Many wonder the reasons that people often point to the color of their skin, the texture of their hair, their ancestry, history, gender, and other embodiments. And yet as the song by India Arie so keenly states, “I’m Not My Hair,”  we are not the images presented in this world. Yet through these images we perceive each other. The focus on Gabriel Douglas’ hair while she was making history is an example of seeing images and not people. Our perceptions can lead to misinterpretation and then to harm and suffering. For this reason there are sanctuaries created to heal the suffering caused in the misinterpretation and ultimate oppression, personal and systematic, within our society.

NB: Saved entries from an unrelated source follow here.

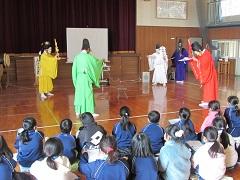 杉山太々岩戸神楽保存会の皆さんに来ていただき、演目「五行の舞」を見せて頂きました。太々神楽の歴史や、使う道具(楽器やお面など)、演目「五行の舞」につて、分かりやすく説明していただきました。また、般若やひょっとこなどのお面もかぶらせてくださいました。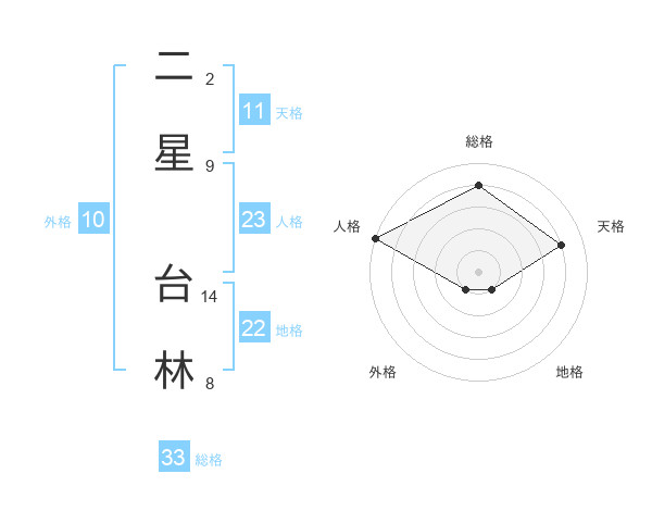 二星 台林さんの総格は33画の4点!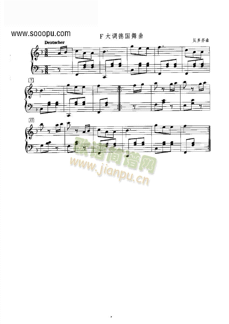 [钢琴谱]F大调德国舞曲 键盘类 钢琴 儿童钢琴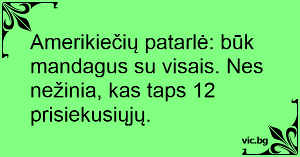 Amerikiečių patarlė: būk mandagus su visais. Nes nežinia, kas taps 12 prisiekusiųjų.

In an essay titled Bearing Up in the Wild Winds (from the book Dharma, Color and Culture), I wrote: What is suffering often felt by people of color? There is no one answer. But I suspect that we have been taught to love everyone and then have felt betrayed and angered when that love was not returned. We have been deeply wounded by this betrayal and have searched out ways to recover the loving people that we know ourselves to be. We have created names for ourselves, such as “people of color” in order to label the pain. We have created sanctuaries to heal and still have yet to emerge for those sanctuaries for fear of being hurt once again. What happens to a hurt people? We forget that we are butterflies bearing up in the wild winds. We forget that we are tender from the suffering.

Any path of healing or liberation requires one to be exposed. So, the path of Dharma for many is to first take sanctuary where you can comfortably share your story and be seen–without other’s guilt, explanation, or justification. Within that sanctuary there is learning the true interrelationship of each other (whether everyone knows it or not) and understanding our lives, as relative and absolute–as tangible and intangible, material and spirit. We come to the path of easing our suffering by having a complete view of suffering, or having an awareness of our intention. Are we willing to release that which causes us to suffer? In sanctuary we learn complete speech and whether or not we are insistent in getting our point or story across while disregarding others–how we talk to each other and cultivating forgiveness when we harm others. We learn how to say to each other and to ourselves, “I am doing my best. I am still learning how to be the love longed for. I see you.” These are some of the things the Buddha taught as the path out of suffering. These are some of the things we left behind in our indigenous ways when we lived closed to the earth.

With dedication we can emerge from our sanctuaries aware of the mass hypnotic state in which we all have been subject to. We surface better able to see others more clearly as living beings with all the same conditioning. Why even our pets have some of the same conditioning.

On our path of life we can cease being hypnotized by everything including one another. We can return to the wisdom in our bones that know this true life and that know the nature of our true hearts. This way we can all go in peace.